Begin at the line that holds "活动的最后,同学们来到一楼与" and retype every line through the end of the material, both included. Leave out the pictures.

» DATASET SECTION

Content starts

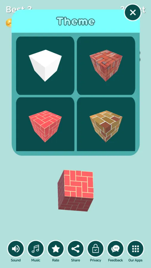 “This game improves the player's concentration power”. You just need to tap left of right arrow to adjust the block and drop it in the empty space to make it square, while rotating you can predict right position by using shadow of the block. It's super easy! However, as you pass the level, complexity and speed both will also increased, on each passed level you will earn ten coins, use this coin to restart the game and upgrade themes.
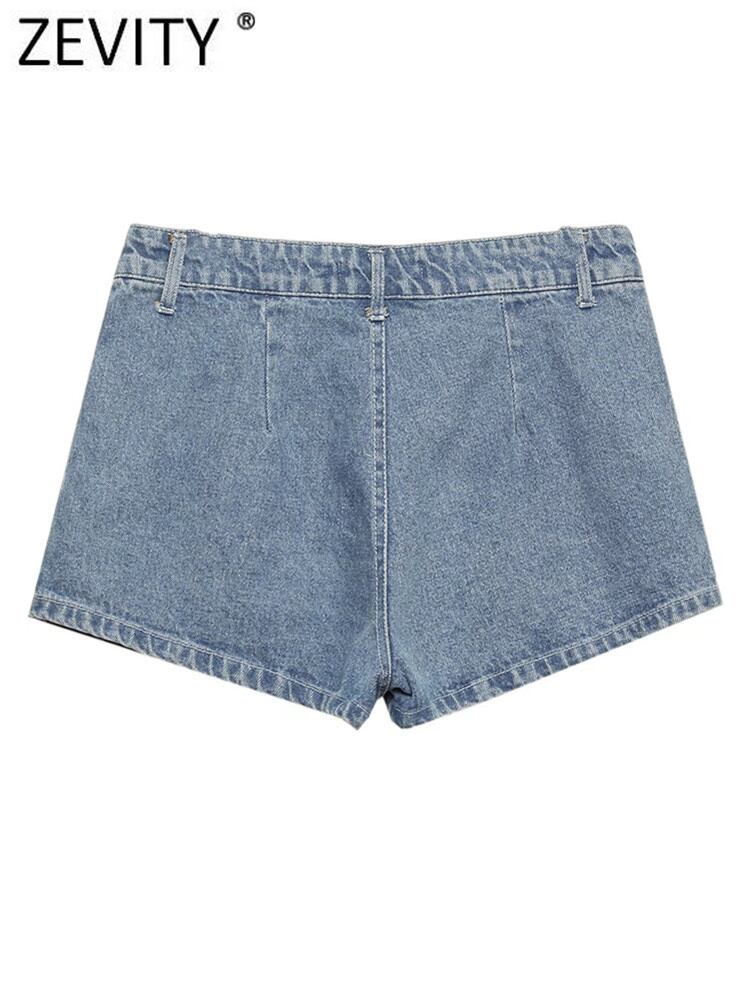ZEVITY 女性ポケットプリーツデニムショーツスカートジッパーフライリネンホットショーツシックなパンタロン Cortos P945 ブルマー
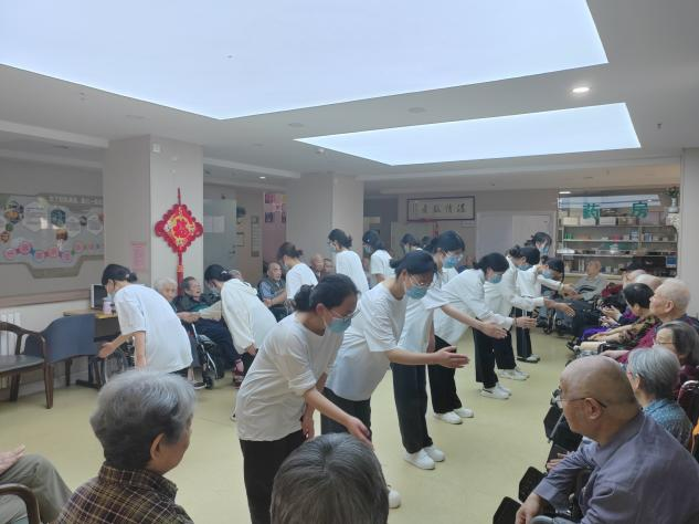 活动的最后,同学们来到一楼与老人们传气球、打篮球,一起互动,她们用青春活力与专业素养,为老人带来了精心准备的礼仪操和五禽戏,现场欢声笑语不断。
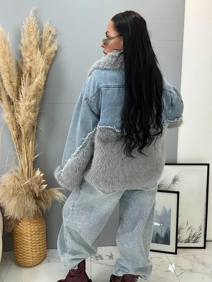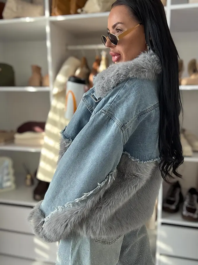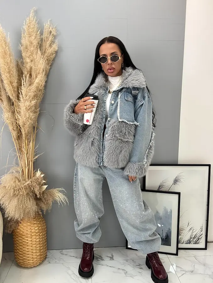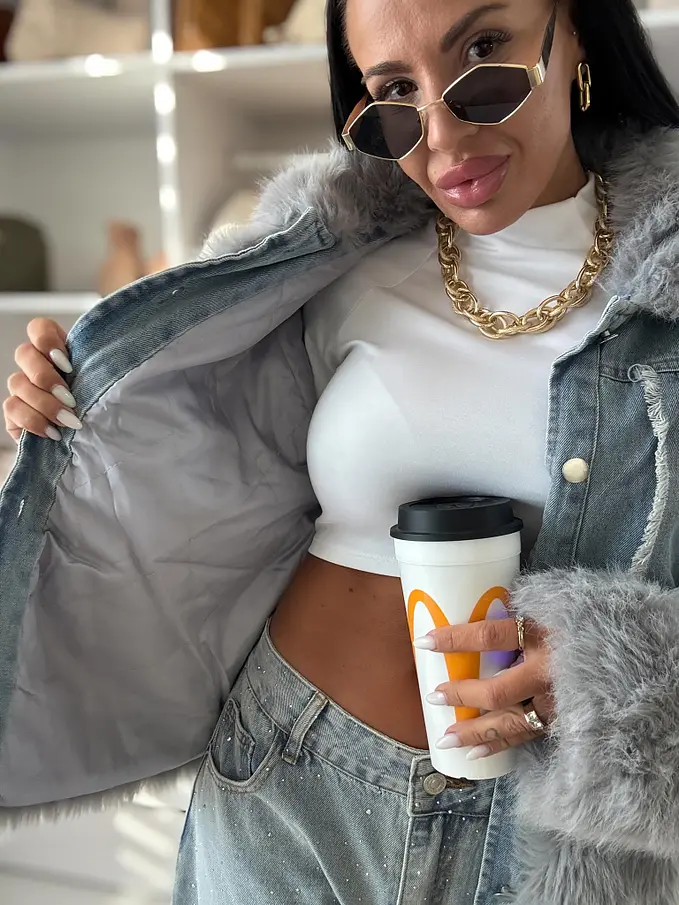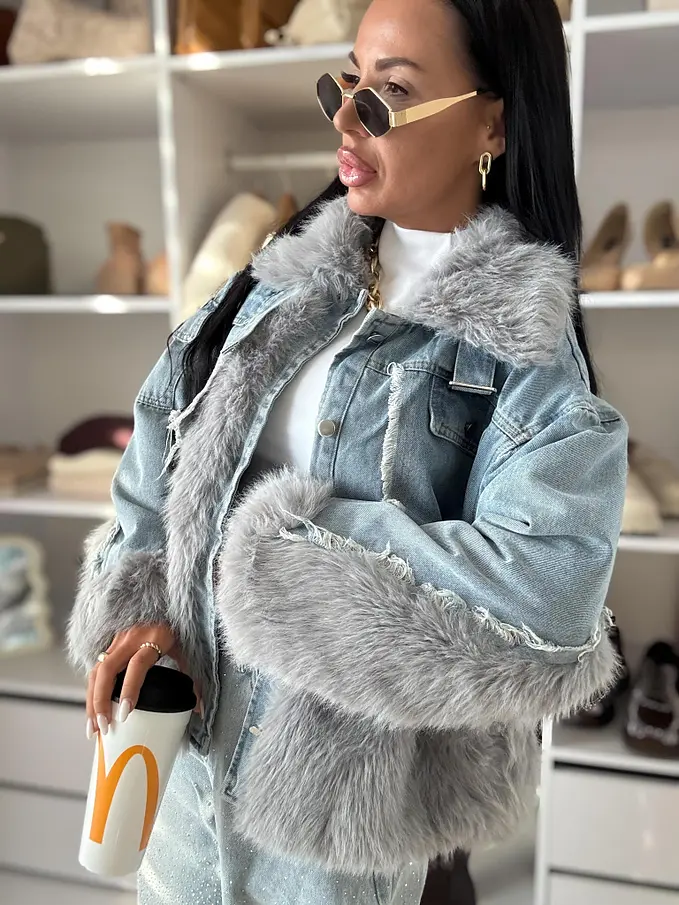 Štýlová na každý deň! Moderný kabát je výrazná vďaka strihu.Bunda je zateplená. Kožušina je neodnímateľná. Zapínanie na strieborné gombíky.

Content ends

» ANSWER BELOW
 活动的最后,同学们来到一楼与老人们传气球、打篮球,一起互动,她们用青春活力与专业素养,为老人带来了精心准备的礼仪操和五禽戏,现场欢声笑语不断。
 Štýlová na každý deň! Moderný kabát je výrazná vďaka strihu.Bunda je zateplená. Kožušina je neodnímateľná. Zapínanie na strieborné gombíky.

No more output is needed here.